I have definitely been following my own advice (check out the post to see what it was!) but this week I’ve been taking it a bit further.

Make it a mantra

I’ve had a couple of mantras over the last few days. The first has been “be flexible”, which doesn’t always come easily to me. I particularly struggle to be flexible with visitors here, mainly because planning ahead makes life a million times easier and less stressful for me, which in turns helps me out health wise. Last minute plans, going with the flow, sometimes leads to more fun, sure, but it also means that I do last minute supermarket runs and make dinner when I’m exhausted. The mantra has helped a little, and I’ve shrugged off a few petty concerns, but I know I have lots of work to do here!

The second mantra is “opt out.” Sounds pretty boring right? But again, it’s largely health driven. I have CFS and I can’t go, go, go all day, and keep up with everyone else. Want to go for a walk? Great. I’ll stop halfway with my book, and see you later. Fancy a full day out? Tell me where to meet you and I’ll join you for a few hours later.

I’ve opted out of walks, a museum visit, cooking (when I firmly but politely offered up the options of going out or getting takeaway pizza) and some family time when I knew that reading for a while and then closing my eyes was what I needed.

Doing the difficult thing

The thing is, it’s not easy to find that balance. It’s such an innocuous word, but what does ‘balance’ really look like?

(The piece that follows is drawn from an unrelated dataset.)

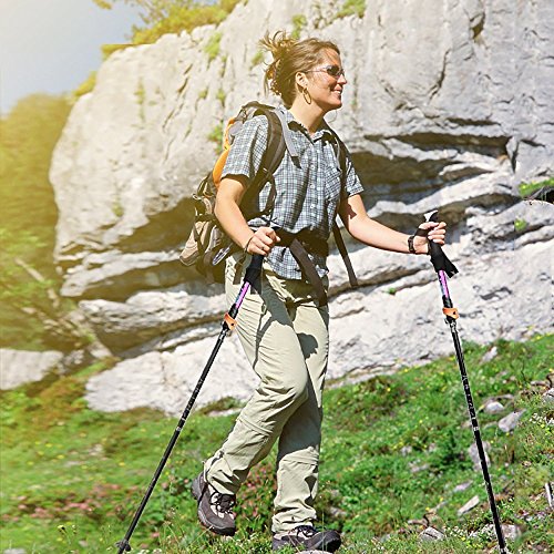 Bastone da trekking e arrampicata, pieghevole e ultraleggero, regolabile e antishock, con impugnature in schiuma EVA, colore viola, 1 pezzo, Purple 1 PCS

I know that mine changes week to week, day to day, even minute to minute, but it’s always easier to notice when it isn’t there than when it is.

So, I’ve been doing the difficult thing and opting out when I need to. Drawing gentle boundaries. Allowing other to pitch in and tidy up after meals. I’m not able to do it all, so I’m not doing it all. It sounds so simple but it’s not so easy to put into practise.

Sometimes the difficult thing is the right thing though. Being in our comfort zone doesn’t lead to great things even though it’s easy and saying “yes” to things we’re just not up for doesn’t lead to fulfilment and balance, even though it too is the easier road.

Saying “no”

This isn’t just about when I have a houseful of visitors though. I’d benefit from saying “no” to plenty of things that aren’t fun to me or don’t deserve my time or energy. The urge to delete that sentence is strong right now (what if I sound rude? Or ungrateful?) but no, it’s staying in. Not everything is deserving of my time, attention, energy or money!

I say this to clients all the time, and I need to hear the same advice.

Elizabeth Gilbert reminded us at Being One Forum that “no” is a complete sentence and I needed that reminder. Sometimes it seems impossible to say “no”when asked to do something and it’s not serving me.

OK, sure, it’s usually a “no thanks” and an explanation, but perhaps she’s right and I could explain less than I do. Today I had a sleep, asked people to keep the living room door closed so I’d be able to, and I didn’t explain myself. No “I know it’s silly but…” or “I’m pregnant”. I just took myself off upstairs and felt a lot better afterwards.

It feels awkward at times, but I know I’m benefiting from this approach. It’s a way of being selfish and that’s never easy but ultimately, I’m a better, happier and more relaxed wife, daughter-in-law, sister-in-law and auntie for it.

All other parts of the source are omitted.